Access to medicines has emerged as one of the most consistent and painful barriers to health across Ukraine. According to WHO data, 4 out of 5 people report difficulties accessing the medications they need — with 71% citing high prices as the primary obstacle.

In frontline regions, the challenge is compounded by closed pharmacies, persistent security risks, and severe financial constraints. A heart patient who cannot find blood pressure medication, or a person managing a chronic condition in a war zone, faces not just inconvenience but a genuine threat to their life.

Additionally, cardiovascular disease is surging across the country, with one in four Ukrainians experiencing dangerously elevated blood pressure — a direct consequence of prolonged stress, displacement, and disrupted health care access.

WHO’s Response and Relief Efforts in 2025

Reaching 1.9 Million People

Despite extraordinary challenges, WHO’s work in Ukraine during 2025 reached 1.9 million people through service delivery, medical supplies, patient referrals, and capacity-building — with a focused emphasis on frontline and hard-to-reach communities.

WHO’s key interventions included:

  • Crisis response: Delivered trauma care and medical supplies to 954 facilities, supported over 1,200 medical evacuations, and conducted health outreach in 131 hard-to-reach locations.
  • Recovery: Maintained primary health care, noncommunicable disease treatment, and mental health services for displaced and conflict-affected populations.
  • Rehabilitation: Rebuilt damaged facilities, installed modular clinics, and trained over 2,500 health workers to restore and strengthen the health system.

To safeguard essential health services through Ukraine’s brutal winters, WHO has also provided 284 generators to health facilities across 23 oblasts.

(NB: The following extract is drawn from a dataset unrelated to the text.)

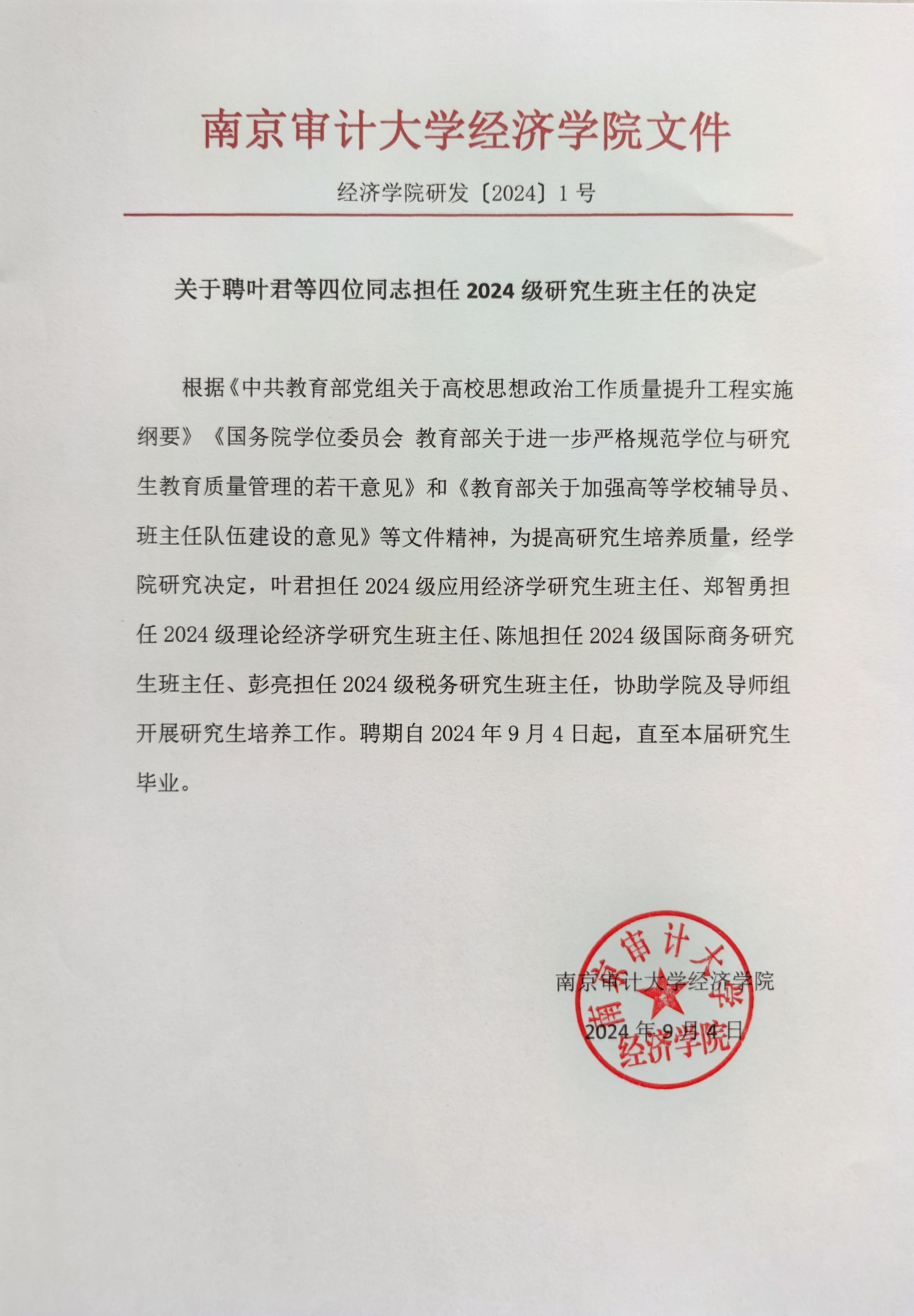 关于聘叶君等四位同志担任2024级研究生班主任的决定

The Road Ahead: Funding and Future Support

WHO’s 2026 Ukraine Appeal

Looking ahead, the scale of need only continues to grow. For 2026, WHO is appealing to raise US$ 42 million in funding to sustain its operations in Ukraine and protect access to health care for an estimated 700,000 people.

As WHO Director-General Dr. Tedros Adhanom Ghebreyesus stated plainly: “After four years of war, health needs are increasing, but many people are unable to get the care they need, in part because hospitals and clinics are routinely attacked. Ultimately, the best medicine is peace.”

The international community faces a critical choice: sustain meaningful, funded support for Ukraine’s health system — or allow a preventable humanitarian catastrophe to deepen with each passing month.